_Problem statement:_ Restate word for word only the lines running from the one with "Votre profil, avec" to the end of the data, both ends included. Omit any pictures.
Supplied entries Block Start
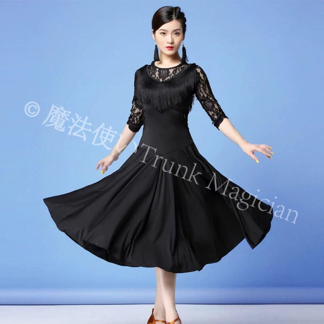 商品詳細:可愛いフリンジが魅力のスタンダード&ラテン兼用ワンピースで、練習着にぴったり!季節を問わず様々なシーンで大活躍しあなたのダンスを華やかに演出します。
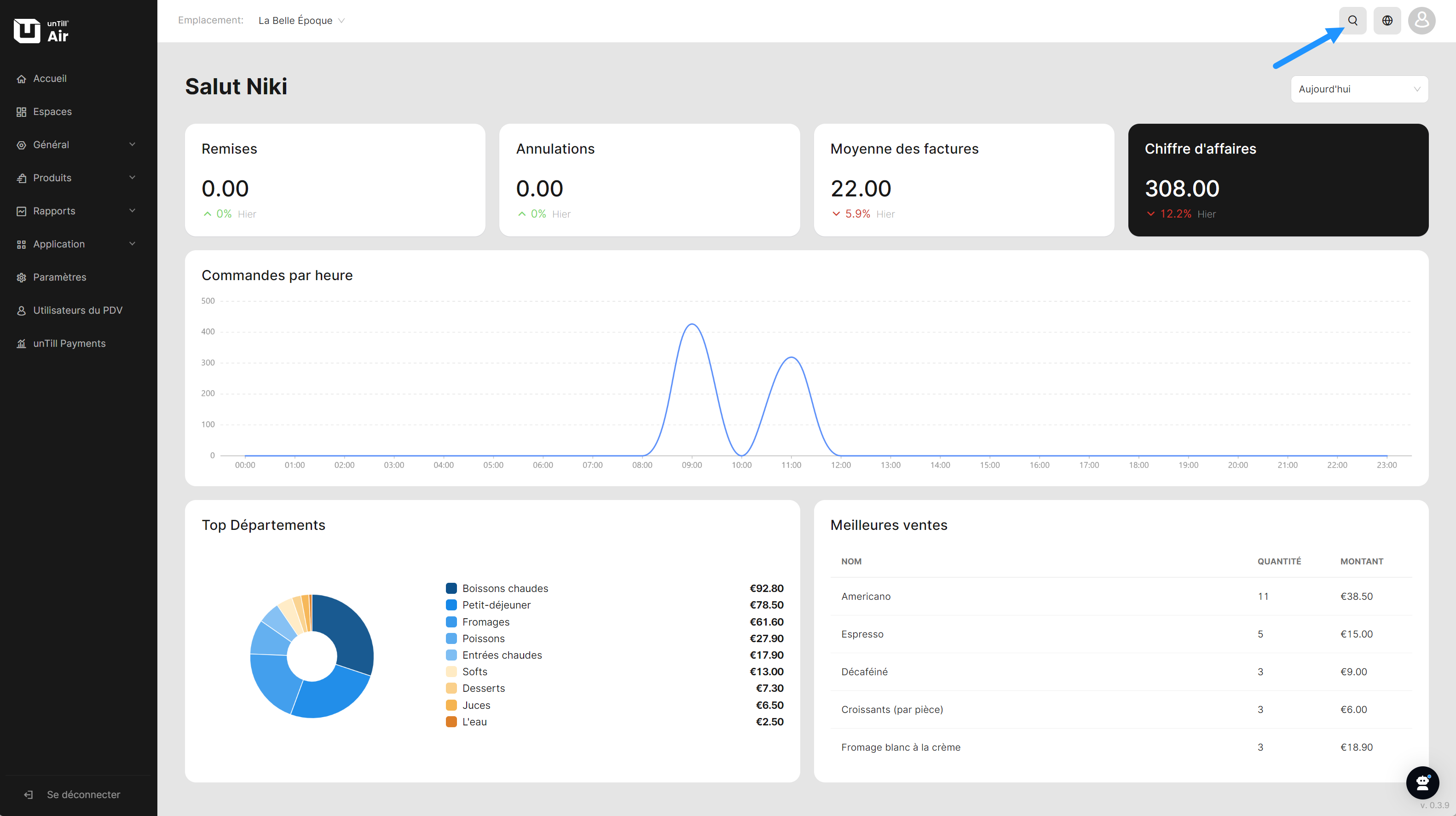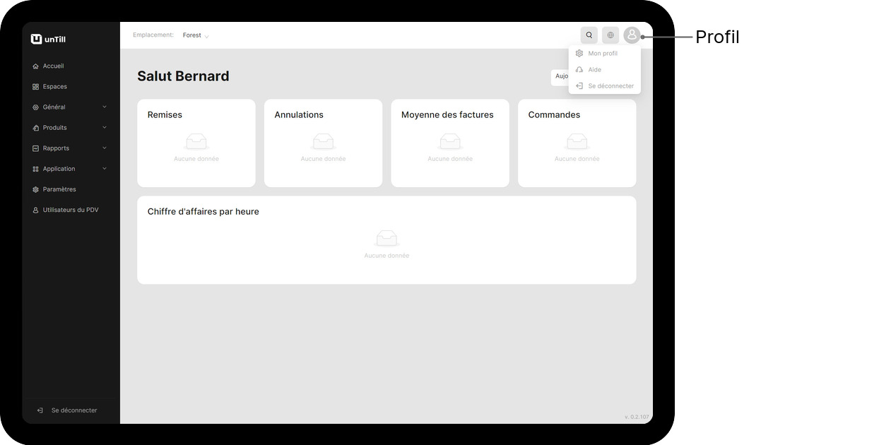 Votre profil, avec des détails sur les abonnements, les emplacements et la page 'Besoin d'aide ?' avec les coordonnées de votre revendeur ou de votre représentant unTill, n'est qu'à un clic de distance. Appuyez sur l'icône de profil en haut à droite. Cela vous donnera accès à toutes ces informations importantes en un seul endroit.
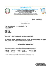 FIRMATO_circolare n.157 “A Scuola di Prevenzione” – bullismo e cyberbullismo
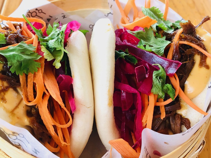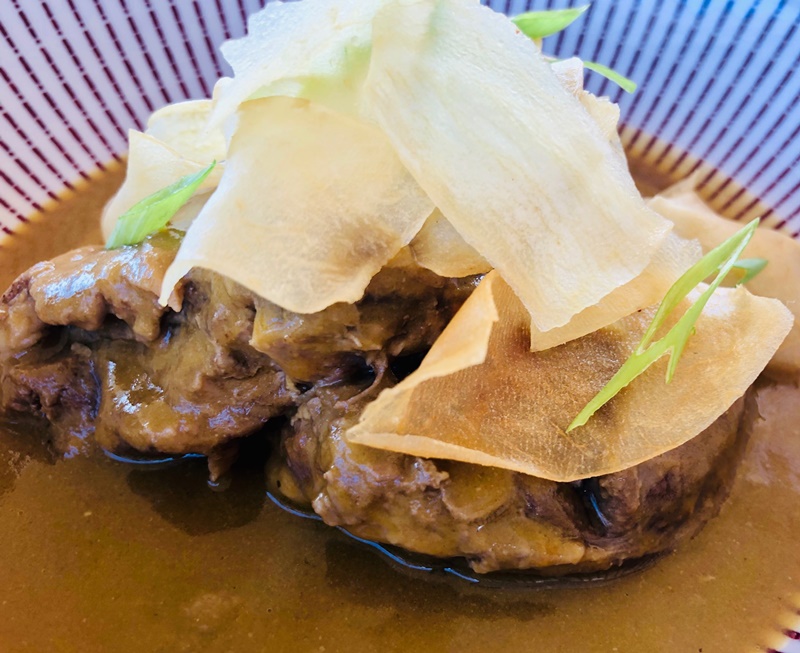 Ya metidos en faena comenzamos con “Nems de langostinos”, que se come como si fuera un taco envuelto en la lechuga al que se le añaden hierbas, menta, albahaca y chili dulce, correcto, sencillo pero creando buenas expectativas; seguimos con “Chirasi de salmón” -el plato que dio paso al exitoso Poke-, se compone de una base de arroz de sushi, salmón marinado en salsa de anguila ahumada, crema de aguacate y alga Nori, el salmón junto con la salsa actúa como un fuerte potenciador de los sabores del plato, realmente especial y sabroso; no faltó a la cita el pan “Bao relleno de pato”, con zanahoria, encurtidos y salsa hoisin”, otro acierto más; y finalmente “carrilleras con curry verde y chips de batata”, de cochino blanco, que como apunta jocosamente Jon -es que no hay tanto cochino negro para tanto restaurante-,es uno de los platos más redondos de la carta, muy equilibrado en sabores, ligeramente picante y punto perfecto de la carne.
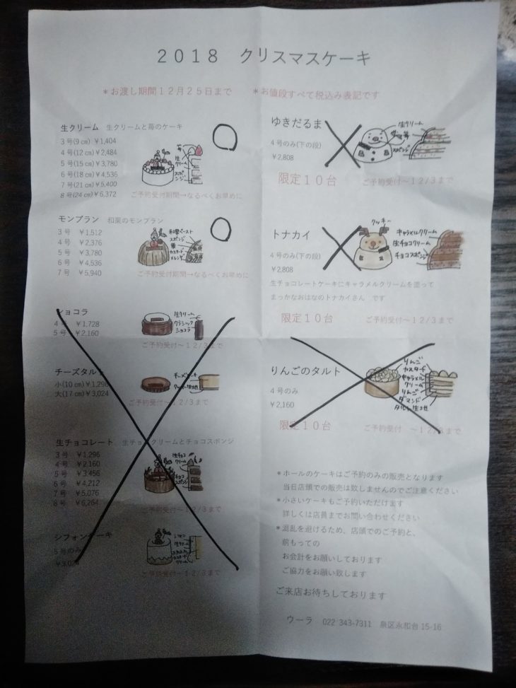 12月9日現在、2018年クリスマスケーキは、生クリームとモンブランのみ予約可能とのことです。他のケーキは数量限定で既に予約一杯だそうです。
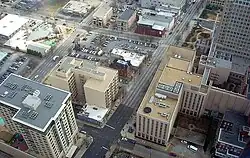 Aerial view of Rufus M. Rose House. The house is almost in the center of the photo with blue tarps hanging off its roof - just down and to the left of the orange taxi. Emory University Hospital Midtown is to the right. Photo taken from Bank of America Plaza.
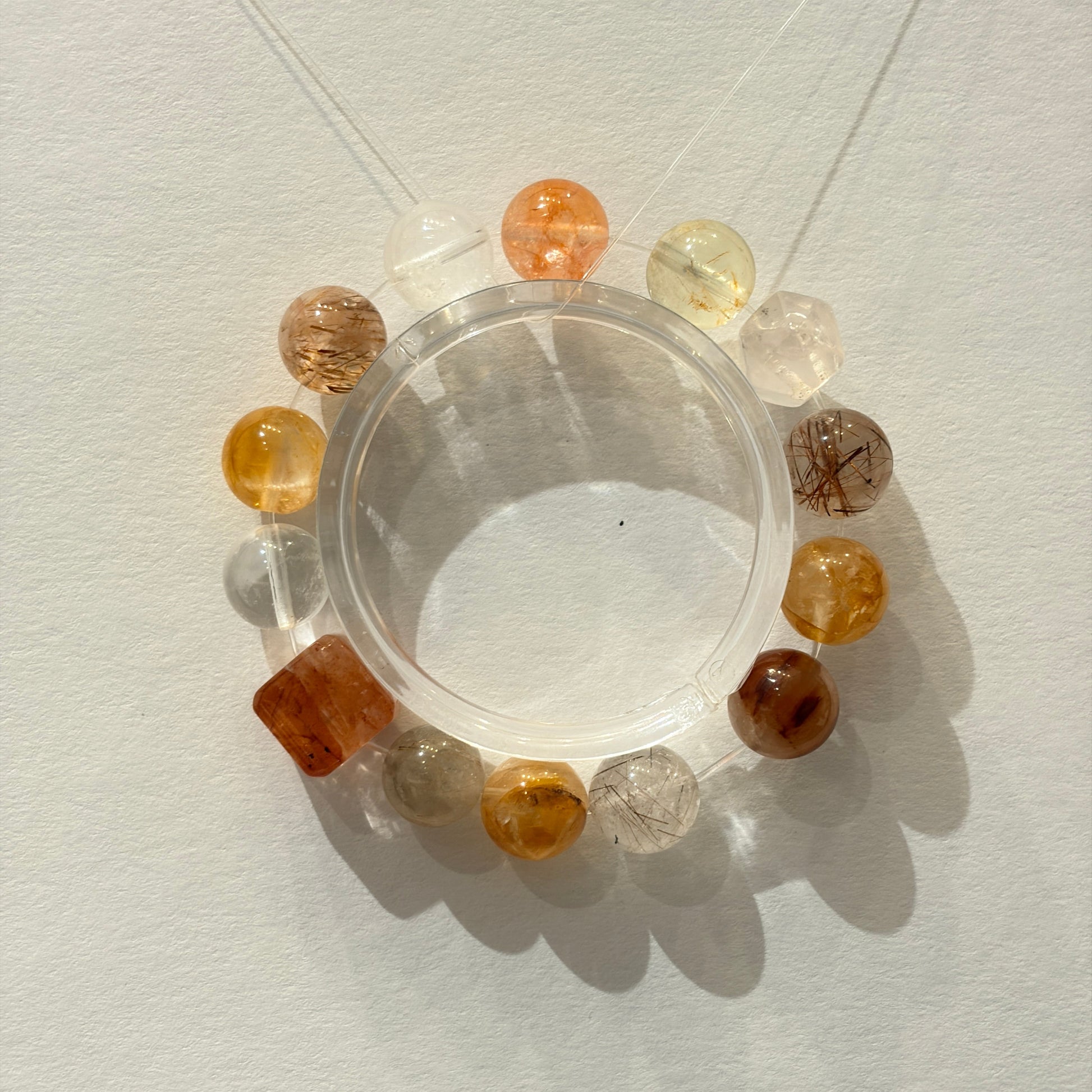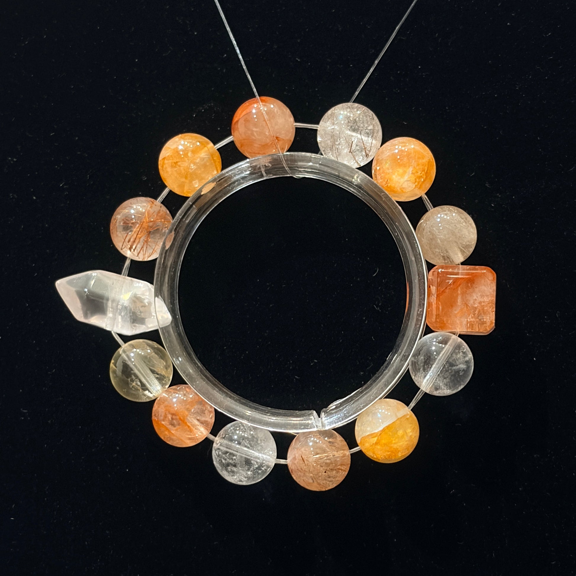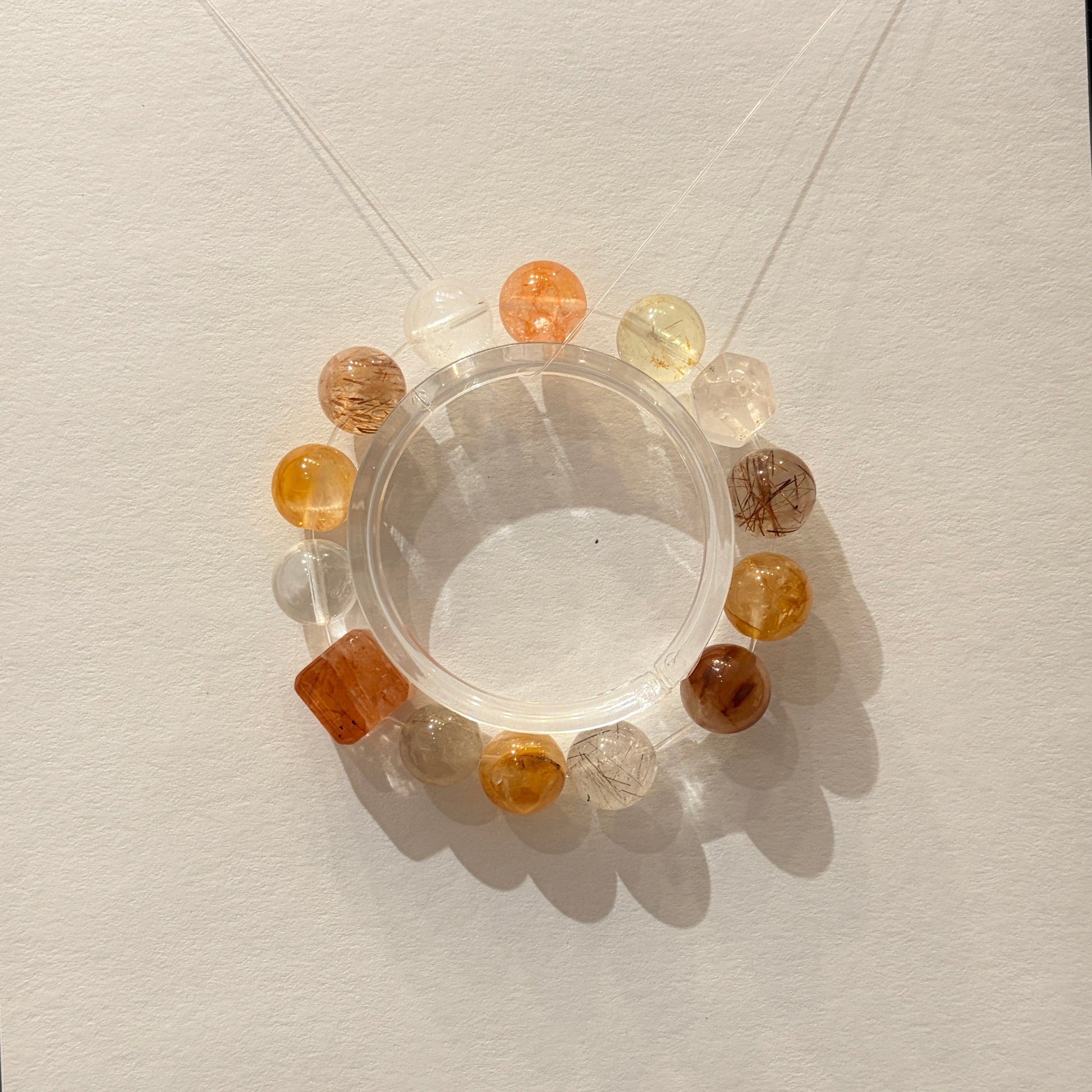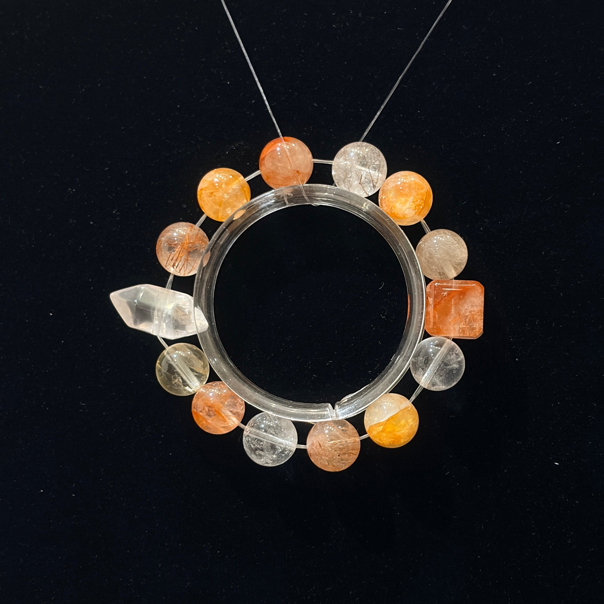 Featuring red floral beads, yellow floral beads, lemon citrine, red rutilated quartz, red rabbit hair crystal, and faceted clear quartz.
Supplied entries Block End
_Task response:_
 Votre profil, avec des détails sur les abonnements, les emplacements et la page 'Besoin d'aide ?' avec les coordonnées de votre revendeur ou de votre représentant unTill, n'est qu'à un clic de distance. Appuyez sur l'icône de profil en haut à droite. Cela vous donnera accès à toutes ces informations importantes en un seul endroit.
 FIRMATO_circolare n.157 “A Scuola di Prevenzione” – bullismo e cyberbullismo
 Ya metidos en faena comenzamos con “Nems de langostinos”, que se come como si fuera un taco envuelto en la lechuga al que se le añaden hierbas, menta, albahaca y chili dulce, correcto, sencillo pero creando buenas expectativas; seguimos con “Chirasi de salmón” -el plato que dio paso al exitoso Poke-, se compone de una base de arroz de sushi, salmón marinado en salsa de anguila ahumada, crema de aguacate y alga Nori, el salmón junto con la salsa actúa como un fuerte potenciador de los sabores del plato, realmente especial y sabroso; no faltó a la cita el pan “Bao relleno de pato”, con zanahoria, encurtidos y salsa hoisin”, otro acierto más; y finalmente “carrilleras con curry verde y chips de batata”, de cochino blanco, que como apunta jocosamente Jon -es que no hay tanto cochino negro para tanto restaurante-,es uno de los platos más redondos de la carta, muy equilibrado en sabores, ligeramente picante y punto perfecto de la carne.
 12月9日現在、2018年クリスマスケーキは、生クリームとモンブランのみ予約可能とのことです。他のケーキは数量限定で既に予約一杯だそうです。
 Aerial view of Rufus M. Rose House. The house is almost in the center of the photo with blue tarps hanging off its roof - just down and to the left of the orange taxi. Emory University Hospital Midtown is to the right. Photo taken from Bank of America Plaza.
 Featuring red floral beads, yellow floral beads, lemon citrine, red rutilated quartz, red rabbit hair crystal, and faceted clear quartz.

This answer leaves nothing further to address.